** Records follows **

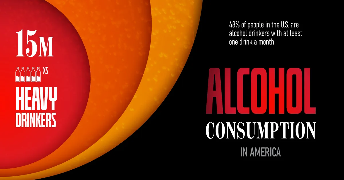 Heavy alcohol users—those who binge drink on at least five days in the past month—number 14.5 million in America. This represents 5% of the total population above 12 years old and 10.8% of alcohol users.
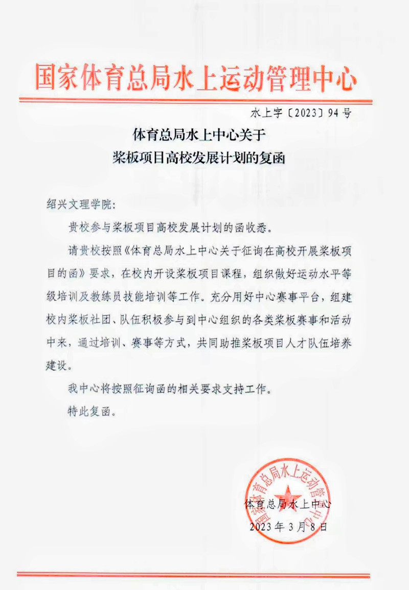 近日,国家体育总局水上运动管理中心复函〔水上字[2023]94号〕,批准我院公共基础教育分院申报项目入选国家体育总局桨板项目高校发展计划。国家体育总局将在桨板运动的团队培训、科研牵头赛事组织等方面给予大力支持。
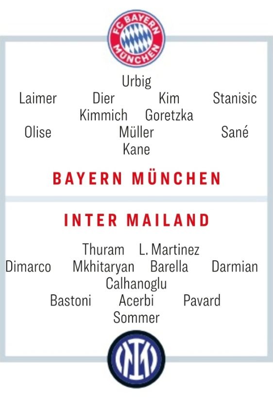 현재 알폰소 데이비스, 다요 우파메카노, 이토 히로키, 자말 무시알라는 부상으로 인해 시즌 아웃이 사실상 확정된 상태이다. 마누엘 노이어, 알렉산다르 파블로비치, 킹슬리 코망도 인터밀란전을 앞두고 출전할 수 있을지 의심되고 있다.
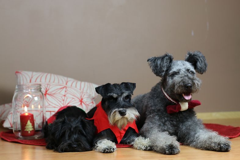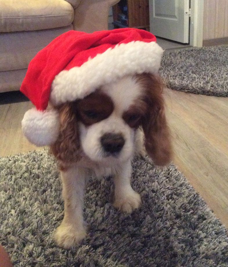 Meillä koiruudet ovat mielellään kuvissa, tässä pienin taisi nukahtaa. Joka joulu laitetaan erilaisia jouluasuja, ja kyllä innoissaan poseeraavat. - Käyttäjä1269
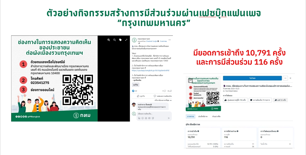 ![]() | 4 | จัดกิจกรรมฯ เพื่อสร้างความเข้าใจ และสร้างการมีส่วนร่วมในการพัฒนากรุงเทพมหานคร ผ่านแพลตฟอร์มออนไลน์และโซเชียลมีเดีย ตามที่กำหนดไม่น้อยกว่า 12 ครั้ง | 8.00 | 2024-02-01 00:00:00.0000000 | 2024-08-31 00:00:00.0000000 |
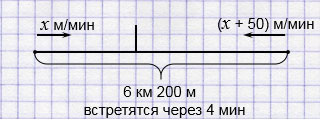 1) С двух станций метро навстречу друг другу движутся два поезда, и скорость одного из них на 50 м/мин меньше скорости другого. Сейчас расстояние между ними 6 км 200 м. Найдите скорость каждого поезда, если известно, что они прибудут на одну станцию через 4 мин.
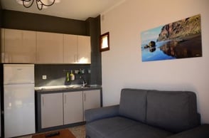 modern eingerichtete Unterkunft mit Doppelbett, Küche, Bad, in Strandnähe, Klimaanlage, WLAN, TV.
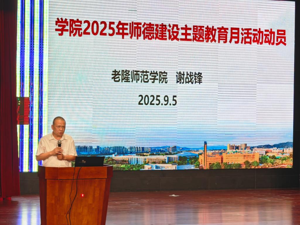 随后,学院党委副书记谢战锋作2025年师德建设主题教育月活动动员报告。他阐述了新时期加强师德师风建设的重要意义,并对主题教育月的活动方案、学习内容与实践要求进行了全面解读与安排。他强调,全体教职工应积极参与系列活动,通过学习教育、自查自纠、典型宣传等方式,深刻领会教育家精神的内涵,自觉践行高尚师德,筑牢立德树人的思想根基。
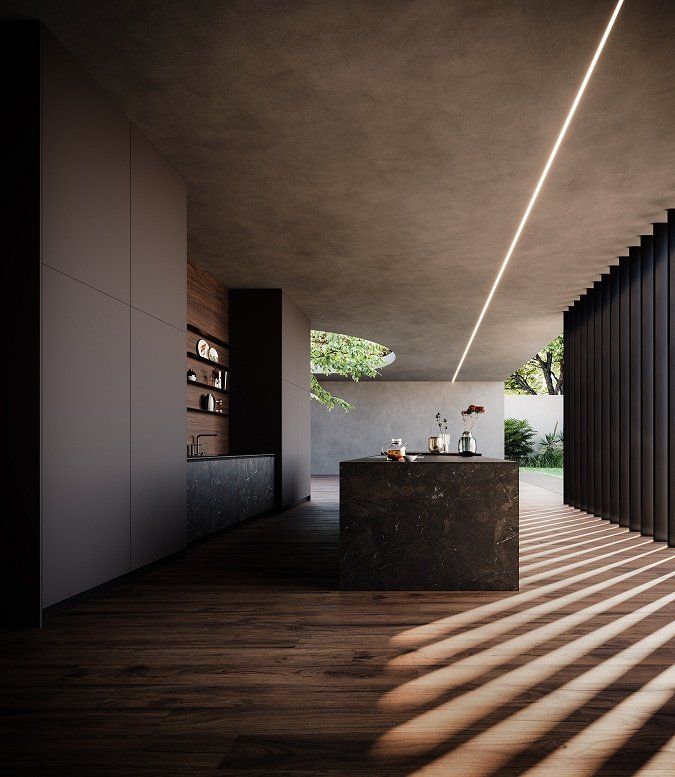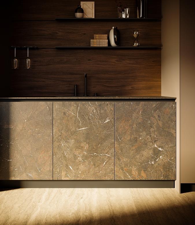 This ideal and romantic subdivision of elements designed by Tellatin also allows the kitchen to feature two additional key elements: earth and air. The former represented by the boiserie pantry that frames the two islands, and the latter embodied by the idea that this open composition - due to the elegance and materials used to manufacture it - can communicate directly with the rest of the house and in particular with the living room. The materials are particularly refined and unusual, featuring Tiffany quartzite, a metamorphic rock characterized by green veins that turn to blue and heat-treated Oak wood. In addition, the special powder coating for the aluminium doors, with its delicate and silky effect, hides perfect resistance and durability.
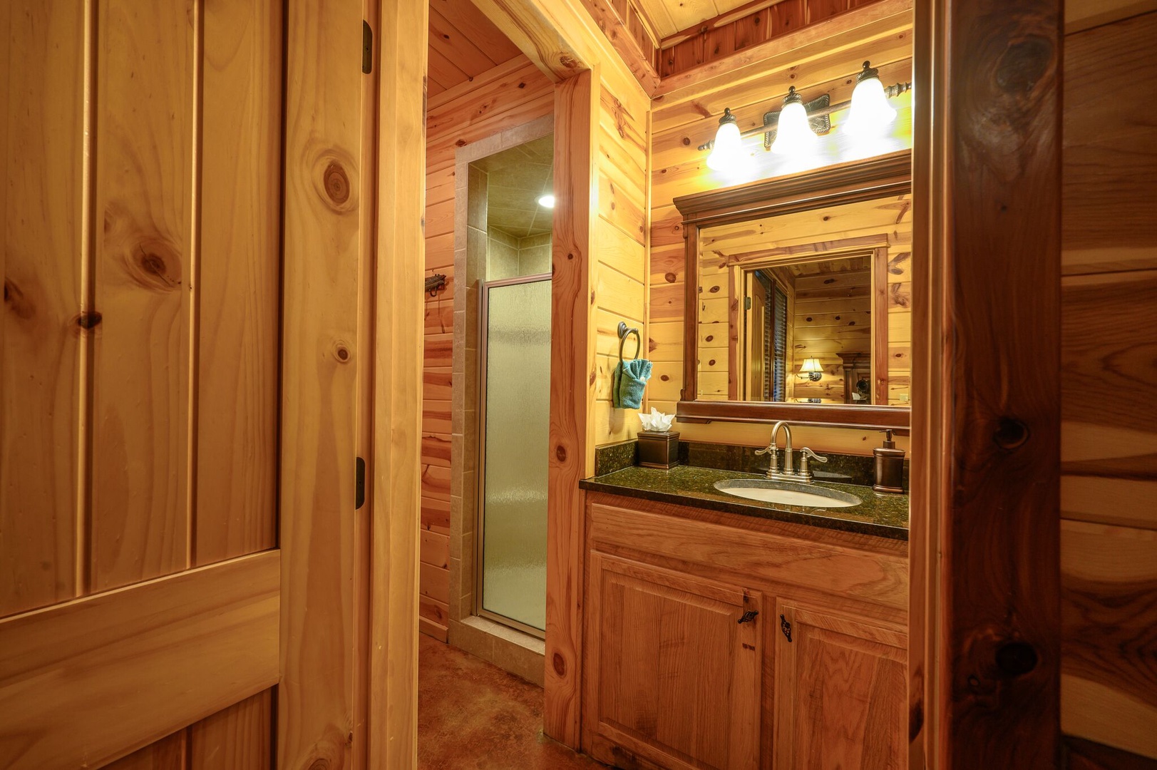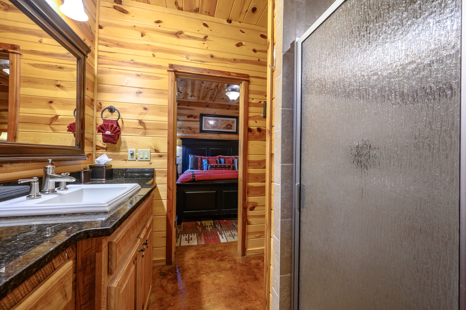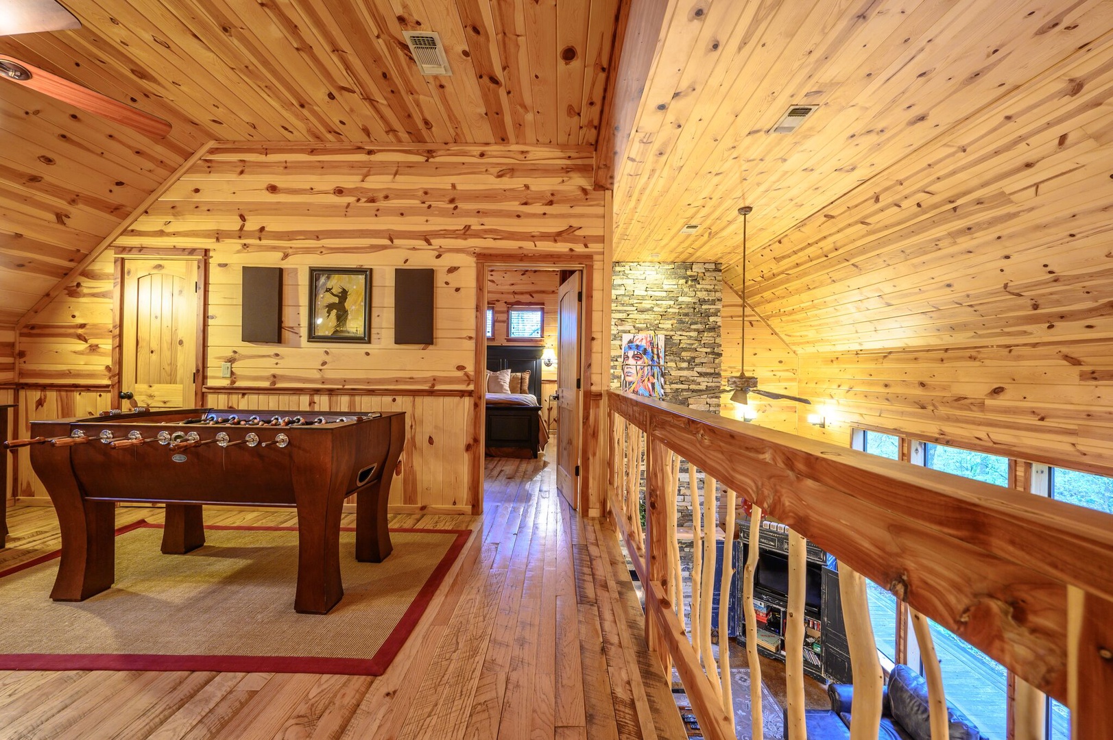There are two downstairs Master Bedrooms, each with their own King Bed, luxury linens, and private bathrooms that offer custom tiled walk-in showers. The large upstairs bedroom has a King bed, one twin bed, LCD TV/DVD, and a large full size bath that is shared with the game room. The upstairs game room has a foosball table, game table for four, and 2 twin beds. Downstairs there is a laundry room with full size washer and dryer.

** End of Records **

Description of the task — Extract the text of all the records above verbatim, excluding pictures.

Worked solution —
 Heavy alcohol users—those who binge drink on at least five days in the past month—number 14.5 million in America. This represents 5% of the total population above 12 years old and 10.8% of alcohol users.
 近日,国家体育总局水上运动管理中心复函〔水上字[2023]94号〕,批准我院公共基础教育分院申报项目入选国家体育总局桨板项目高校发展计划。国家体育总局将在桨板运动的团队培训、科研牵头赛事组织等方面给予大力支持。
 현재 알폰소 데이비스, 다요 우파메카노, 이토 히로키, 자말 무시알라는 부상으로 인해 시즌 아웃이 사실상 확정된 상태이다. 마누엘 노이어, 알렉산다르 파블로비치, 킹슬리 코망도 인터밀란전을 앞두고 출전할 수 있을지 의심되고 있다.
 Meillä koiruudet ovat mielellään kuvissa, tässä pienin taisi nukahtaa. Joka joulu laitetaan erilaisia jouluasuja, ja kyllä innoissaan poseeraavat. - Käyttäjä1269
 ![]() | 4 | จัดกิจกรรมฯ เพื่อสร้างความเข้าใจ และสร้างการมีส่วนร่วมในการพัฒนากรุงเทพมหานคร ผ่านแพลตฟอร์มออนไลน์และโซเชียลมีเดีย ตามที่กำหนดไม่น้อยกว่า 12 ครั้ง | 8.00 | 2024-02-01 00:00:00.0000000 | 2024-08-31 00:00:00.0000000 |
 1) С двух станций метро навстречу друг другу движутся два поезда, и скорость одного из них на 50 м/мин меньше скорости другого. Сейчас расстояние между ними 6 км 200 м. Найдите скорость каждого поезда, если известно, что они прибудут на одну станцию через 4 мин.
 modern eingerichtete Unterkunft mit Doppelbett, Küche, Bad, in Strandnähe, Klimaanlage, WLAN, TV.
 随后,学院党委副书记谢战锋作2025年师德建设主题教育月活动动员报告。他阐述了新时期加强师德师风建设的重要意义,并对主题教育月的活动方案、学习内容与实践要求进行了全面解读与安排。他强调,全体教职工应积极参与系列活动,通过学习教育、自查自纠、典型宣传等方式,深刻领会教育家精神的内涵,自觉践行高尚师德,筑牢立德树人的思想根基。
 This ideal and romantic subdivision of elements designed by Tellatin also allows the kitchen to feature two additional key elements: earth and air. The former represented by the boiserie pantry that frames the two islands, and the latter embodied by the idea that this open composition - due to the elegance and materials used to manufacture it - can communicate directly with the rest of the house and in particular with the living room. The materials are particularly refined and unusual, featuring Tiffany quartzite, a metamorphic rock characterized by green veins that turn to blue and heat-treated Oak wood. In addition, the special powder coating for the aluminium doors, with its delicate and silky effect, hides perfect resistance and durability.
There are two downstairs Master Bedrooms, each with their own King Bed, luxury linens, and private bathrooms that offer custom tiled walk-in showers. The large upstairs bedroom has a King bed, one twin bed, LCD TV/DVD, and a large full size bath that is shared with the game room. The upstairs game room has a foosball table, game table for four, and 2 twin beds. Downstairs there is a laundry room with full size washer and dryer.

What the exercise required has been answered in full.